Look at Google, for example; one of the most-visited websites on the Internet holds a contest that allows people to submit a creative logo for their front page. It gets the audience excited, and more importantly, it pushes traffic to the site. More and more companies are seeing the benefits of breaking up tasks and sending them to the public to find the answers, and crowdsourcing might benefit you, too.
Open-Source Coding vs. Crowdsourcing
Open-source coding has been prevalent within tech companies for a long time, and to an extent, companies that use open-source software have already embraced crowdsourcing. But there are differences that can be game changers, if taken advantage of correctly. Most open-source projects allow any member of their communities to improve the code.
Mainstream crowdsourcing, though, requires companies to adapt their processes to take full advantage of the system. The tech departments of companies usually assimilate open-source software by themselves, while crowdsourcing usually requires multiple departments to get involved. For example, technology, procurement, and production all play a role in crowdsourcing. Tech companies may not want to spend the extra effort to adapt to this kind of strategy; however, the results will speak for themselves.
How Do I Find the Best Talent?
The downside of crowdsourcing is sifting through some of the bad contributions to get to the real talent. With multiple users influencing the project, not every idea will meet the company’s expectations. Hiring a crowdsourcing service will ensure that only the best match-ups are participating on your project, and a louder voice will be given to the community members with the best reputations. If you’re taking the route of crowdsourcing, then make sure you work with knowledgeable and reputable crowdsourcing services and platforms.
Remember, You Always Hold the Trump Card
The benefits of crowdsourcing are apparent. The platforms specialize in getting ideas from your customers, and some even rank the ideas in order of popularity. However, there is always the argument that the masses may be wrong. Just because you’ve received feedback from your community doesn’t mean you have to invest wholeheartedly in a certain idea.
If your community says the idea will take off, but your intuition disagrees, then you might want to say “thanks, but no thanks” and move on. Henry Ford once said, “If I had asked people what they wanted, they would have said ‘faster horses.’” You’re in charge, and ultimately, it’s your reputation and livelihood on the line. Crowdsourcing simply gives you options to choose from so you don’t always have to follow popular suggestions.

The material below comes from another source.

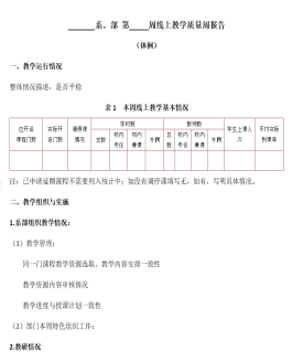 2.实施线上教学质量周报告制度。系部层面要求各系部总结分析一周教学运行情况、教学组织与实施、教学监控与评价、存在主要问题与改进措施,并总结典型经验与案例,形成系部线上教学质量周报告;学校层面总结全校线上教学开展情况,形成学校线上教学质量周报告,切实落实教委会议要求,进一步加强线上教学质量监控。

Take Pride in Crowdsourcing
Outsourcing projects to a crowd is cost-effective, and it can still yield quality work. If you’re looking for a spark for your business, or trying to get your audience more involved, try crowdsourcing for your next logo, voice over, masthead, or advertisement. You can create widespread interest by trusting your loyal following to do some work for you. If your audience gives you great results, then you’ve checked off the task to be completed, as well as made your community members happy. Make your audience proud to submit their work, keep them engaged, and they’ll keep the buzz going around your business. Ultimately, that’s a win for the whole team.